Because lists are a great way to keep everything organised (and minimise the growing number of variables in your R environment), we will separate the phyloseq object into multiple subsets (one for each time point), and store these within a list called input_data, which itself sits inside a main list that will house both the input data and the results from statistical analyses of that input data – you may want to run several variations with different statistical thresholds or test variable combinations for example. By storing everything in a master list, you keep all the inputs and outputs together.

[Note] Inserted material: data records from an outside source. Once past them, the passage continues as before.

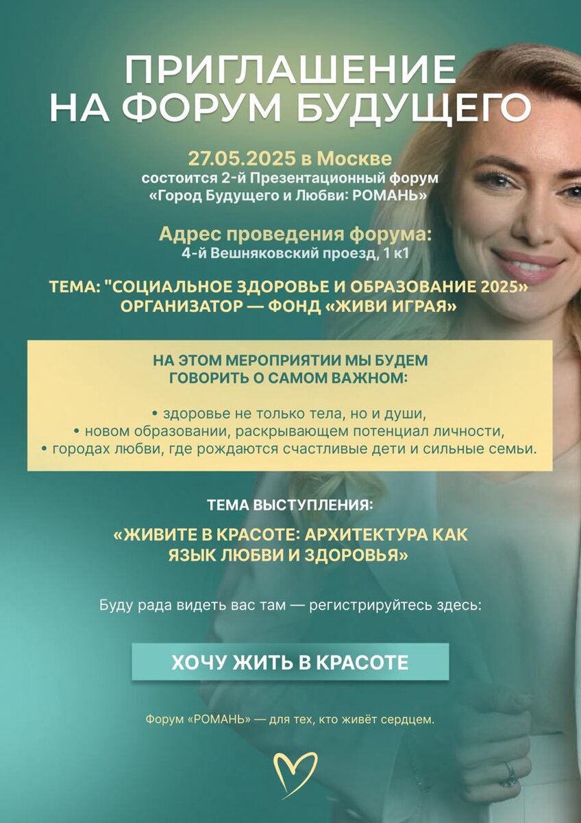 Всем привет 👋 🩷 Хочу пригласить вас совершенно бесплатно на отличный форум, что называется новой волны - про любовь и созидание. ПРИГЛАШЕНИЕ 2-й Презентационный форум "Город Будущего и Любви: РОМАНЬ" 27 мая, вторник, 2025 | Москва | Центр НКО ЮВАО Адрес: г. Москва, 4-й Вешняковский проезд, д. 1, к. 1 (м. Рязанский проспект). Участие бесплатное, но надо зарегистрироваться:👉 https://mnlp.cc/mini?domain=yuliannabelous&id=3 Тема форума: «Социальное здоровье и образование 2025» Вас ждёт вдохновляющее событие с премьерами реалити-сериала, выступлениями лидеров нового времени, мощным нетворкингом и панельной дискуссией. Программа форума:👇 ✔️11:30–12:30 — Welcome-зона, регистрация ✔️12:30–12:40 — Приветственное слово от Анатолия и ЮлиАнны Белоус ✔️Я буду выступать в первой части форума 12:45–15:20 с темой: «Живите в красоте: архитектура как язык любви» 20:15–20:30 — Закрытие форума Регистрация обязательна:👉 https://mnlp.cc/mini?domain=yuliannabelous&id=3 Дресс-код: Белое или св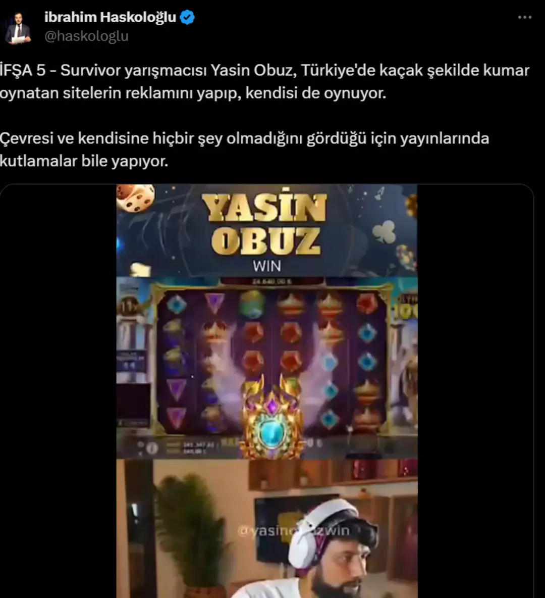 Gündemi sarsan olayın ardından da gazeteci İbrahim Haskoloğlu, sosyal medyada bahis reklamı yapan başka fenomen isimlerin olduğunu söyleyerek tek tek ifşa etmeye başladı. Görüntüleri yayınlanan ve bahis reklamı yapan isimlerden biri de Survivor ve MasterChef yarışmalarıyla tanınan Yasin Obuz'du. Ünlü ismin geçtiğimiz günlerde yurt dışına gitmesi akıllarda soru işareti bıraktı.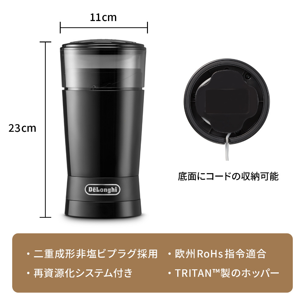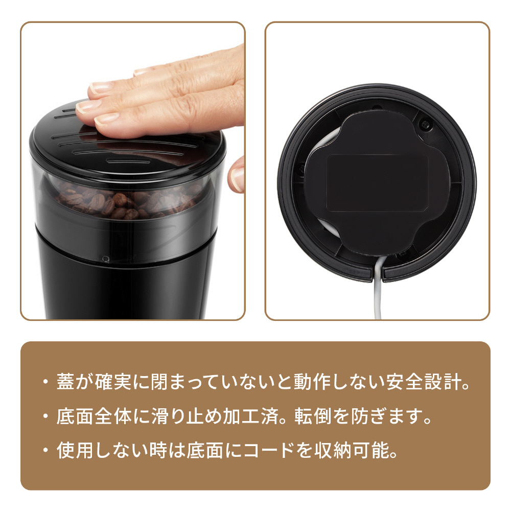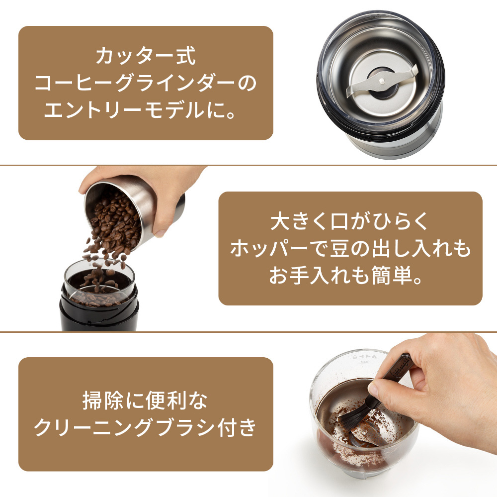 ブラックカラーのシンプルでモダンなデザインが特徴のカッター式グラインダー。

We will separate the bacteria by time and store these "sub-phyloseq objects" within a container list called input_data. This container object is a sub-list that contains each of the datasets separated by time, and sits inside a "master list" that will also hold any statistical tests we run on the data.

# Split the data by time
bact_time_split <- list(input_data = list(day0 = subset_samples(bact_data_logCSS, days_postTx == '0'),
                                          day7 = subset_samples(bact_data_logCSS, days_postTx == '7'),
                                          day14 = subset_samples(bact_data_logCSS, days_postTx == '14'),
                                          day21 = subset_samples(bact_data_logCSS, days_postTx == '21'),
                                          day28 = subset_samples(bact_data_logCSS, days_postTx == '28')))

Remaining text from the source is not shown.